NEW YORK (Reuters Health) - Testing young athletes' thinking and memory skills in group settings, as is typically done before every season, may be less accurate than doing the tests individually, a new study finds.
Such tests are important because when athletes get head injuries, doctors often compare post-injury scores with preseason ones to see when they are recovered and ready to return to play.
Letting them back on the field too soon puts them at risk for "second impact syndrome," a rare but dangerous condition that happens when a second head injury occurs before the first one has healed.
High schools that use the tests generally give them to athletes in groups at the start of the season, partly because that's a lot cheaper and quicker than administering them to each athlete individually.
In the new study, Summer Ott of the Methodist Hospital Concussion Center in Houston and her colleagues compared scores from high schoolers who took one type of computer-based test individually with students who took it in a school computer lab with up to 19 teammates.
That test measures athletes' attention and memory skills, as well as processing speed and reaction time. On all of those scales, the 164 teens who took the test in groups scored lower than the 167 who did it without any distracting peers.
The findings add to other studies challenging the brain tests' accuracy. According to Paul Comper, a concussion expert at the University of Toronto, they show that doctors and trainers need to use their own judgment -- and not just a number -- to decide when injured athletes are back to normal.
"It's not as simple as a young athlete taking a 25-minute test and then they get a concussion and then somebody can look at a score and they get a red light or a green light," Comper, who was not involved in the new research, told Reuters Health.

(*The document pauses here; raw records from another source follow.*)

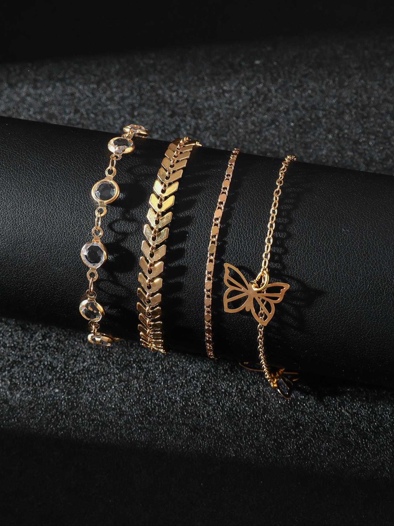 New Boho Style Butterfly Anklet Set, Artificial Crystal Multi-Layer ...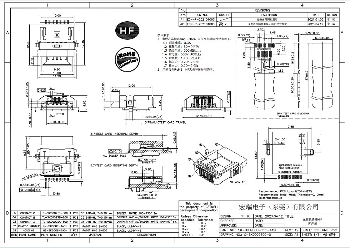 品名:0.8mm间距 9P 血糖仪试纸座 SK-0009S00-111-1A2H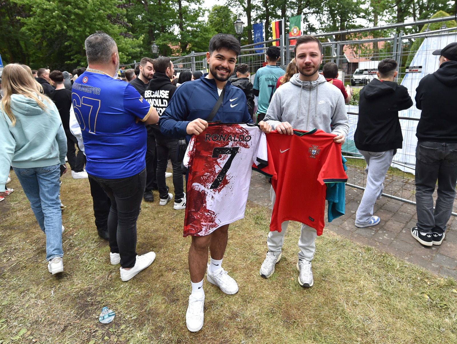 Ao final da manhã, a estrela-mor da Seleção aproximou-se das dezenas de fãs que há muito tempo esperavam encostados às grades, à procura da melhor fotografia ou de um autógrafo dos craques portugueses. Tiveram sorte estes. O capitão foi mesmo falar com eles, num momento de interação raro, tal é a segurança que rodeia a equipa.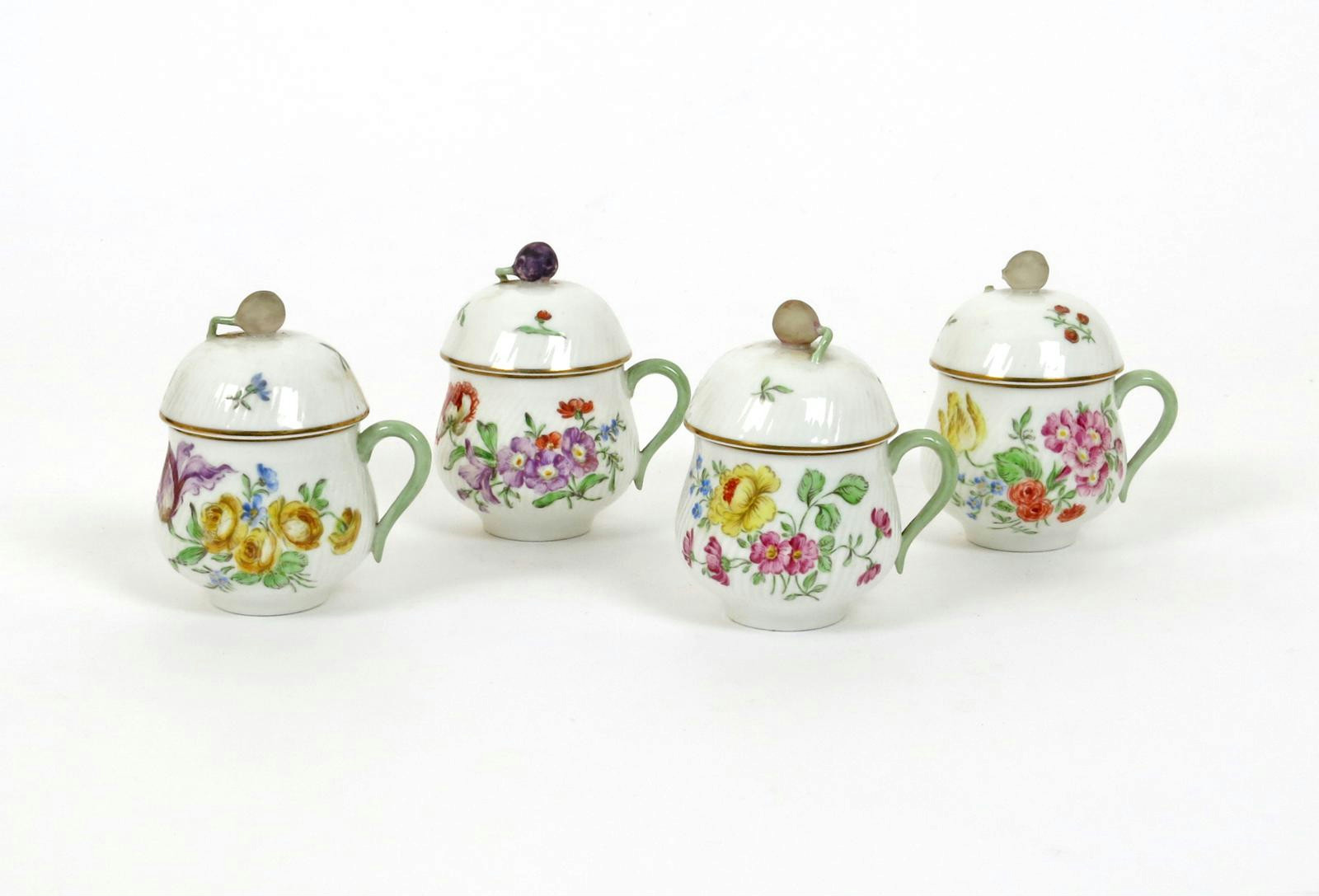 A set of four Rörstrand custard cups and covers late 19th century, the spiral-fluted forms painted with bright flower arrangements, the domed covers with fruit finials, printed marks, a chip to one finial, 10cm. (8)

That doesn't mean the tests aren't useful, Comper and Ott agreed. But the more accurate an initial, pre-injury score is, the more a later score can tell doctors about an injured brain.
How focused athletes are while taking the test, as well as their mood and stress levels, affects scores of how well the brain is working, Comper said.
He pointed out that when the tests are done after an injury, it's never in a group setting. If athletes were distracted while taking their initial tests, doctors might not notice when post-concussion scores are lower than they should be.
Still, group testing shouldn't be done away with, Ott warned, because any pre-injury scores are better than none -- and individual testing isn't always feasible.
She and her colleagues suggest in The American Journal of Sports Medicine that schools should try to make group testing rooms as quiet and distraction-free as possible, space athletes apart at computers and make sure they're not tired when they're taking the tests. That means no testing after two-a-day practices, she said.
Comper said it's important that doctors consider any lingering symptoms and use their clinical judgment when interpreting post-injury tests and deciding whether athletes are ready to play again, regardless of how baseline testing was done.
Still, he said, "These tests are valuable, there's no doubt about it. We shouldn't lose that message."